It's recommended to sharpen your scissors at least twice a year. However, the frequency of sharpening depends on how often you use your scissors and the quality of the scissors. If you use your scissors frequently or if they are low quality, you may need to sharpen them more often.
Here are some signs that your scissors need sharpening?
- The scossors don't cut the right way. You feel they aren't cutting like they used to
- Your scissors are pushing away the fabric.
- It takes a lot more effort to cut through fabric.
Needle size: Needles sizes describe the thickness of the shaft and are typically sized in European and American sizes. Needle thickness increases as the size increases.

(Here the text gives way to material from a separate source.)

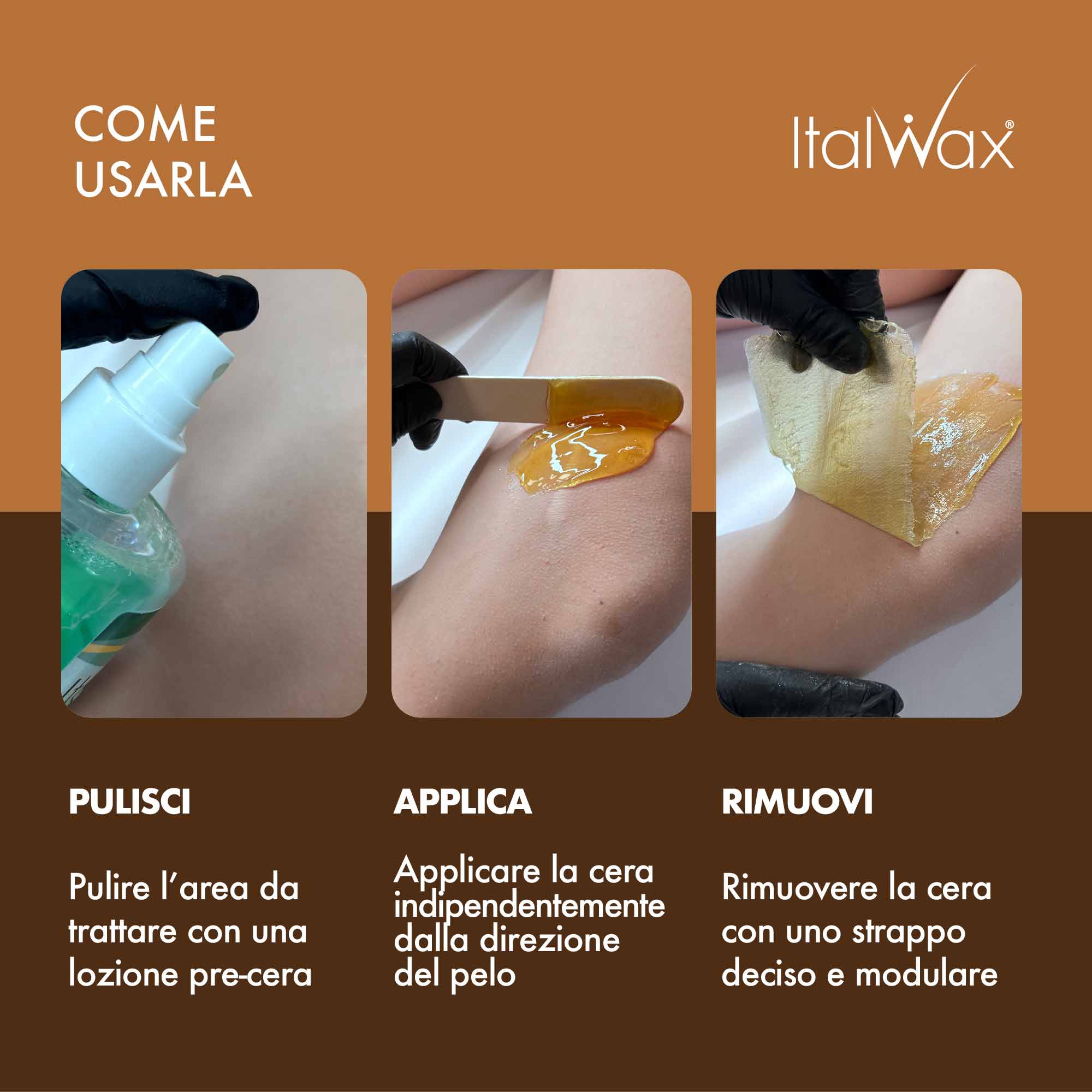 Sciogliere la cera impostando una temperatura di 60°C circa e non appena la maggior parte dei granuli si sarà fusa settare il termostato a 40/45 °C per raggiungere la consistenza perfetta per un utilizzo corretto e sicuro.Nel frattempo, trattare l’area da depilare con una lozione pre cera Italwax seguita da una piccola quantità di talco cosmetico. Utilizzare una spatola per applicare uno strato uniforme e sottile di cera. Creare un piccolo lembo da utilizzare come impugnatura per lo strappo. La cera multidirezionale si applica indipendentemente dalla direzione di crescita dei peli. Aspettare 10/12 secondi che si indurisca: in questo tempo è possibile correggere eventuali errori. Strappare la pellicola di cera in maniera decisa e modulare, parallelamente alla pelle, in direzione contraria a quella in cui è stata stesa. Continuare su tutte le zone da depilare e terminare con l’applicazione di un prodotto post cera Italwax calmante, rinfrescante e privo d’olio. Lo strappo avviene senza l’uso strisce depilatorie.

The first number is the European size followed by a slash and then the American size.
Example: 75/11 is smaller than 80/12
Thread size (weight): Thread diameter decreases as the size number increases.
Example: 30 weight thread has a larger diameter than 40 weight thread
Needle size to thread size: Being that the two are sized opposite, a lower weight thread will typically require a larger needle, and a higher weight thread will therefore require a smaller needle.
Sharps vs. Ball Point
Needle points: Needles come as sharps, ball-point, or universal (slightly rounded), each with a different intended use. Univeral with the slightly rounded point are a jack of all trades needle but master of none. When in doubt you can typically use a universal needle of the correct size for most projects. For cleaner, more refined stitches it is sometimes best to use a sharp or ball-point needle for your specific project. Sharps are best for cleanly piercing densely woven fabrics without resistance, where ball-points are best used on knit fabrics where the needle is sliding between the fabric loops rather than piercing the fabric.
Full cleaning: If you are using your machine daily or weekly, you should consider a full cleaning by a service tech annually. If you only use your machine once or twice a month or less often, a full cleaning should be scheduled bi-annually or sooner.
Oiling your machine: Every machine manufacturer has different guidelines for oiling your machine. However, the basic standard for oiling depends on the amount of use.
daily use = oil weekly
once or twice a week = oil monthly
monthly or a few times every few months = every 3 months
seldom used = every 4 months
In between cleanings, you should do your part to keep the bobbin area and case clean, free of lint and debris. Keep your feed dogs free of lint and build up for the best performance and oil your machine accordingly.
When in doubt, contact your local sewing machine dealer or service technician.